Como já disse aqui, há motivos para criticar a ordem de Trump. Entre eles, a possibilidade de que a eliminação de Soleimani tenha o efeito contrário do que o esperado pelo governo americano. Em vez de evitar uma guerra, pode iniciar uma. Em vez de conter o avanço do Irã no Oriente Médio, pode ajudá-lo.
Mas trata-se de um conflito de quatro décadas, esse entre Estados Unidos e Irã, e algumas decisões duras muitas vezes precisam ser tomadas. Seria perfeitamente possível ficar só na crítica à decisão de matar Soleimani sem precisar partir para a defesa do Irã. Por alguma razão, porém, parte da esquerda brasileira não consegue ficar dentro desse limite.

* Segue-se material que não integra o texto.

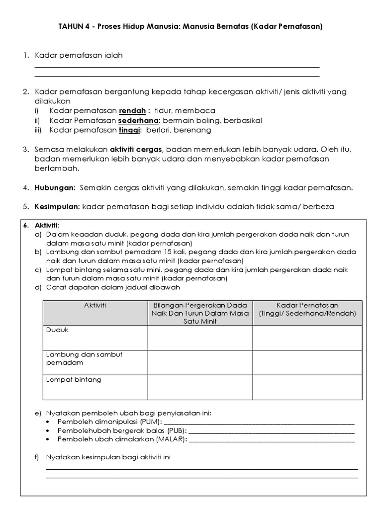Apa Maksud Kadar Pernafasan Manusia Jawapan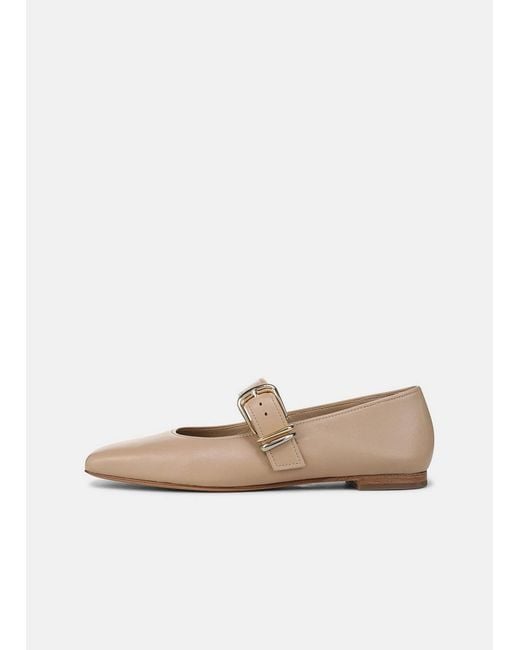 A square toe and oversized buckle lend modern allure to this vintage-inspired leather Mary Jane flat. Colour: white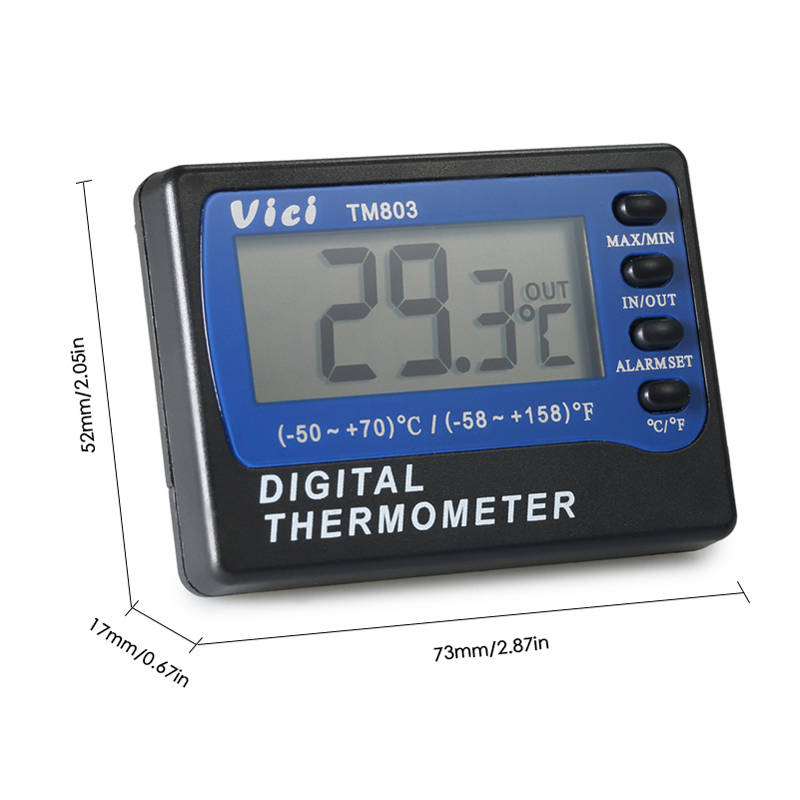 This mini digital thermometer is used for measuring the indoor temperature of refrigerator and out temperature by using the waterproof outer sensor. Small size and light weight, very easy to use. With a hanging hole to be hung on the wall, magnetic attachment to attach on the metal surface and a bracket to be placed on the table.
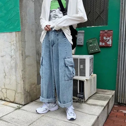 saferido Baggy Jeans Trousers Male Denim Pants Black Wide Leg Pants Men's Jeans Oversize Cargo Korean Streetwear Hip Hop Harajuku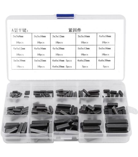Description : Cet ensemble de clés à plume à bout rond est fabriqué en acier au carbone A3 de haute qualité, antirouille, résistant à l'usure, précis et lisse. La boîte en plastique facilite la reconnaissance et le stockage de vos clés parallèles. Il convient à la fixation de nombreux équipements différents. Caractéristiques : Combinez une taille mixte de 8 mm, 10 mm, 12 mm, 16 mm, 20 mm, 25 mm, 30 mm, pour répondre à vos différents besoins. Antirouille, résistant à l'usure et grande capacité d'expansion. 140 pièces suffisent pour plusieurs choix. Équipé d'une boîte en plastique, vous pouvez classer ces clés à plume de manière organisée, plus pratique à transporter et à emporter. Processus précis, surface lisse, sans flou. Principalement utilisé pour fixer les équipements démontés fréquemment. Spécifications : Matériau : acier au carbone A3 Poids : 400 g Contenu : 3 x 3 x 8 mm, 10 pièces 3 x 3 x 10 mm, 10 pièces 3 x 3 x 12 mm, 10 pièces 3 x 3 x 16 mm, 10 pièces 4 x 4 x 10 mm, 10 ...

Por que essa parcela da esquerda brasileira se vê aprisionada na máxima de que “o inimigo do meu inimigo é o meu amigo”, permitindo que o ódio a Trump e ao presidente Jair Bolsonaro (que se enxerga como discípulo do americano) a deixe cega para o que o regime iraniano representa de pior em relação a algumas das principais bandeiras da própria esquerda, como os direitos LGBT e o feminismo?

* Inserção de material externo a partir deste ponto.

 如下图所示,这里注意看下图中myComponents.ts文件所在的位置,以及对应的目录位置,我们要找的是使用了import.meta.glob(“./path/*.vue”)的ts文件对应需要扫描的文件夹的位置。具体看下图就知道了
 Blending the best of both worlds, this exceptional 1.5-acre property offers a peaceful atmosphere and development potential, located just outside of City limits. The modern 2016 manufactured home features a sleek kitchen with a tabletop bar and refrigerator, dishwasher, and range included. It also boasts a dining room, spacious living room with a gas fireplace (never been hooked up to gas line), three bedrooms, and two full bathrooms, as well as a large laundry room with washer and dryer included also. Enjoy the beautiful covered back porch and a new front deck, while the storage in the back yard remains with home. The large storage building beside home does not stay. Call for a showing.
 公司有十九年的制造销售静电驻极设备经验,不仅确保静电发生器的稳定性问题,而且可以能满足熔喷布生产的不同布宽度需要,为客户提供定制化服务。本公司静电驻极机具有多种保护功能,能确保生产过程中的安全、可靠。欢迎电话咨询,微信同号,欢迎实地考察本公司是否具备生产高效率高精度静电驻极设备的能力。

Para quem critica Bolsonaro por ser homofóbico e misógino, a simples ideia de passar a mão virtual na cabeça de um regime que oprime as mulheres e pune a homossexualidade com a pena de morte por enforcamento deveria provocar repulsa. Mas não provoca.
Em junho do ano passado, um jornalista alemão perguntou ao ministro das Relações Exteriores iraniano por que o país enforca gays por serem gays. Mohammed Javad Sarif disse: “Nossa sociedade tem princípios morais. E nós vivemos de acordo com esses princípios. Esses princípios morais dizem respeito ao comportamento das pessoas em geral. E isso significa que a lei é respeitada e a lei é obedecida.”
É de se pensar se a esquerda brasileira, ao ler uma justificativa dessas, tira de alguma gaveta mental o salvo-conduto do relativismo cultural e dá de ombros: “Essa é a cultura deles, temos que respeitar”.
O relativismo cultural, no entanto, não é o bastante para explicar o apoio de parte da esquerda brasileira ao Irã.
A razão está em uma narrativa ainda mais poderosa, capaz de unir povos, ideologias, interesses e modos de viver opostos: o anti-imperialismo.
A ideia de que os Estados Unidos são uma nação maquiavélica que age para dominar os povos do mundo por todos os meios é o que une o discurso dos aiatolás, cujo regime não se enquadra facilmente em uma classificação política de esquerda ou de direita, ao de uma certa esquerda ultrapassada, que se encanta com ditaduras como as da Venezuela e de Cuba e que vê o mundo de hoje com os óculos da Guerra Fria.